Your headlights are on
February 11, 2008 7:58 AM   Subscribe

Why was the U.S. so late in dropping incandescent sealed beam headlights on cars in favor of composite headlights (which feature separate bulb and lens).

This always bothered me because in the 70s and 80s European market cars looked so much cooler/more modern than U.S. cars. When those cars were imported here, they had to revert to sealed beams until late 1980s...turning this into this.
posted by punkfloyd to Grab Bag (8 answers total) 2 users marked this as a favorite
 
One reason was that the DOT/NHTSA was reluctant to approve composites until it was convinced that they could be properly aimed.
posted by TedW at 8:26 AM on February 11, 2008


Great question. I've always been interested in learning more about this change. This was a statutory issue, and the best answer I can gave you is that the wheels of legislative change take a long time to turn. For information on the process, take a look at this wikipedia entry:

Automakers faced an inherent conflict between NHTSA's stringent headlight legislation, which froze U.S. headlight technology in 1940, and the Corporate Average Fuel Economy standard, which effectively mandated that automakers develop ways to improve the ability of the car to cleave the air. As a result, in the early 1980s, automakers lobbied for a modification of the mandate for fixed shape sealed-beam headlamps.

NHTSA adopted Ford's proposal for low-cost aerodynamic headlamps with polycarbonate lenses and transverse-filament bulbs.

posted by thejoshu at 8:27 AM on February 11, 2008


To add a little: this was discussed frequently in car magazines of the era, usually as an example of US bureaucratic bungling. If you can find some back issues you may find something about it.
posted by TedW at 8:31 AM on February 11, 2008


turning this into this.

Rover SD1, oh boy. Such a fine concept and so very poorly executed. My dad had a couple of them. I have never seen the US import version with those awful headlights - I wonder if North American sales reached 4 digits.
posted by Dan Brilliant at 8:45 AM on February 11, 2008


On what TedW said: ISTR a lengthy article in Car and Driver back in the day suggesting one bureaucratic impediment was the NHTSA's advisory board for headlight standards was largely composed of headlamp manufacturers.
posted by Opposite George at 8:55 AM on February 11, 2008


Response by poster: @ Dan Brilliant: I think they were sold in the U.S in 1980 only. They might have sold 1,000.

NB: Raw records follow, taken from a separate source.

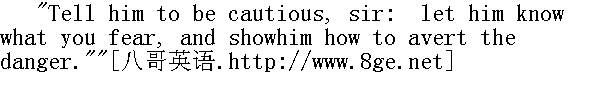 告诉他小心从事,先生,让他知道你的忧虑,指点他怎样来避开危险。"
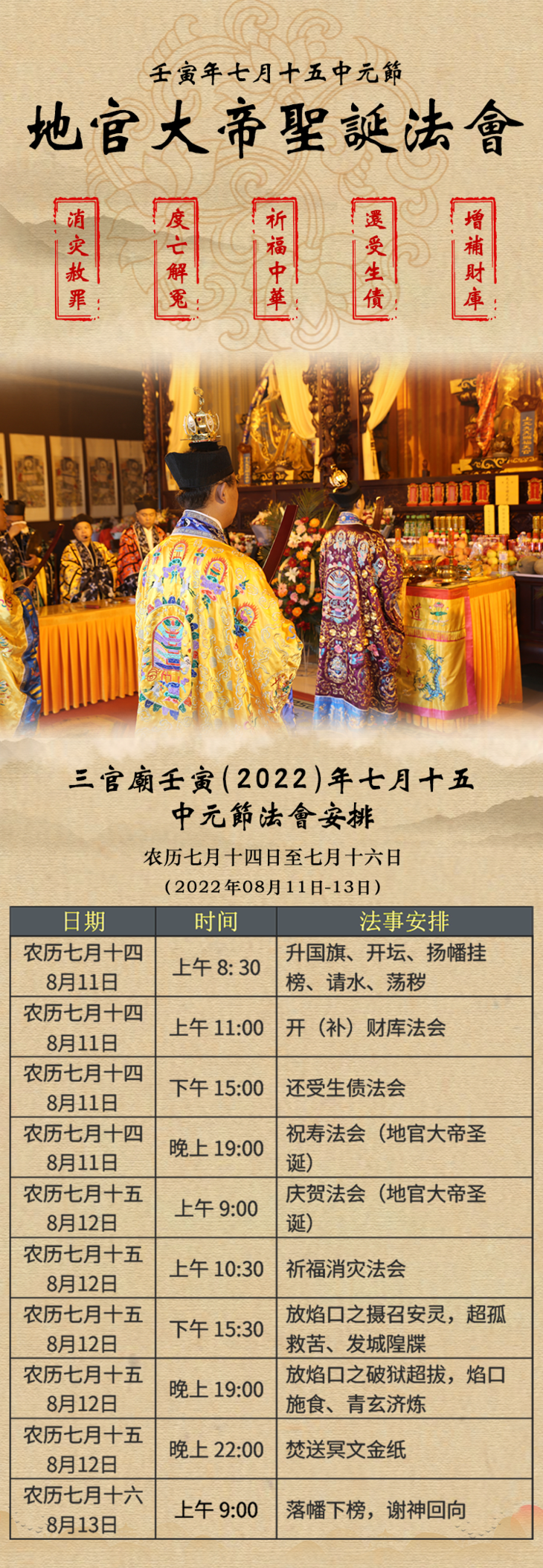 农历七月十五,恭祝中元七炁赦罪地官洞灵青虚大帝圣诞,三官庙祈福消灾、还受生债、增补财库、度亡解冤大法会,共三天。
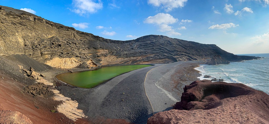 Charco de los Clicos, Lanzarote — If only I had been here 57 years ago… I might have seen Raquel Welch emerging from this green lagoon, her breasts spilling out of a fur bikini, only to be snatched from the beach by a carnivorous Pteranodon and flown to its nearby nest where the distraught “Loana the Fair One” was to be fed to the pterosaur’s offspring.
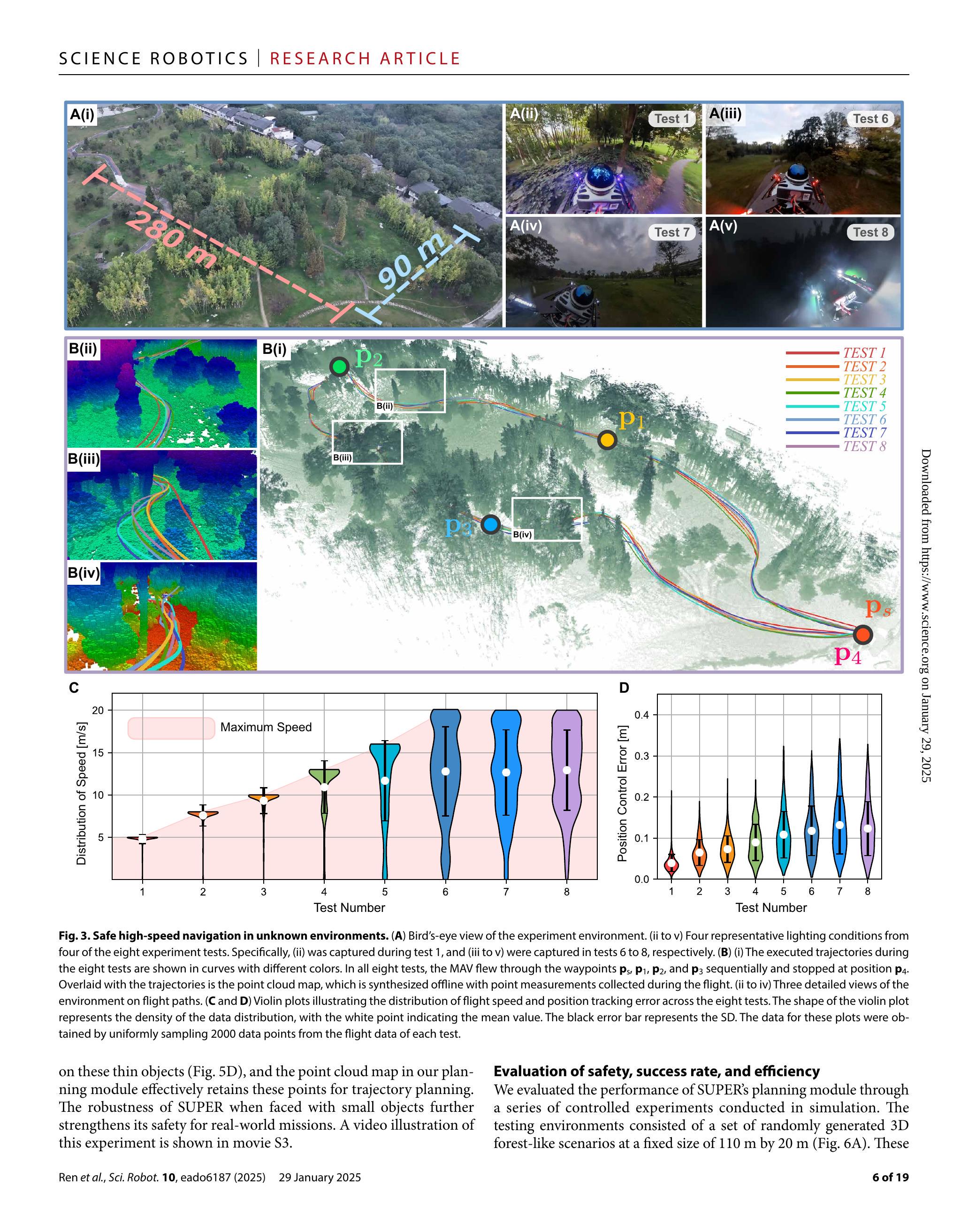 我们在未知森林环境中测试了SUPER的飞行速度(见图3和影片S1)。环境面积约为280×90平方米,树木粗细不一,植被多样(图3A,i)。我们在不同时间段共进行八次实验,涵盖从明亮白天到全黑夜晚的多种光照条件(图3A,ii至v)。八次实验中设置不同的最大速度限制,范围为5至 \(20 \mathrm{~m} / \mathrm{s}\)。所有实验中,SUPER从位置 \(\mathbf{p}_{s}\) 出发,依次到达四个航点 \(\mathbf{p}_{1} \sim \mathbf{p}_{4}\),其中 \(\mathbf{p}_{4}\) 与 \(\mathbf{p}_{s}\) 重合(图3B,i)。这四个航点引导MAV穿越不同障碍密度区域(图3B,ii至iv)。

@ thejoshu: The role of Ford here makes sense as the switch seemed to coincide with the introduction of the Taurus around 1986.
posted by punkfloyd at 8:55 AM on February 11, 2008


A lot of product laws in this country are not related to the merits of the products themselves. When I was a kid it was illegal to sell Coors Beer in Oregon.

Well, actually, it was illegal to sell beer which was not pasteurized, but Coors was the only one. Coors used a cold filtration process which achieved the same end, so there was no difference in product safety. BUT... Coors was non-union, and it was union money that convinced the legislature to make that law, as a way of applying pressure to the company to accept unions (mainly the Teamsters IIRC).

When I was a kid, it was against the law for restaurants to serve margarine. They had to serve butter. Not that there was any good reason for that, but the dairy industry did a lot of lobbying.

Rent Seeking has a long and inglorious history in this country, as does protectionism. In this case, the problem was that the companies that made sealed-beam headlights were different than those that made quartz halogen headlights, and they were using their lobbying money to keep halogen headlights from becoming the norm -- because they were better, and it was obvious that if they were legalized then the sealed beam headlight would go the way of the Dodo.
posted by Steven C. Den Beste at 9:50 AM on February 11, 2008


The sealed-beam law came about at first because headlight reflectors of the day would oxidize, reducing the light output - and the DOT (IIRC) deciced that a better way existed (a positive environmental seal to prevent the oxidization in the first place). Reflector technology improved but it took the Cibie BOBI lights - which had a sealed reflector -and- a QH bulb - to convince the DOT that a few alternatives were reasonable. IIRC the BOBI lights were available in the rectangular form factor too.

QH bulbs require an environment that isn't a good vacuum and is hot, in order to keep the halogen cycle going. That's fundamentally incompatible with a sealed beam. Improvements in reflector technology and the benefits of QH were together too much of a benefit and once it was obvious, the NHTSA reluctantly gave ground.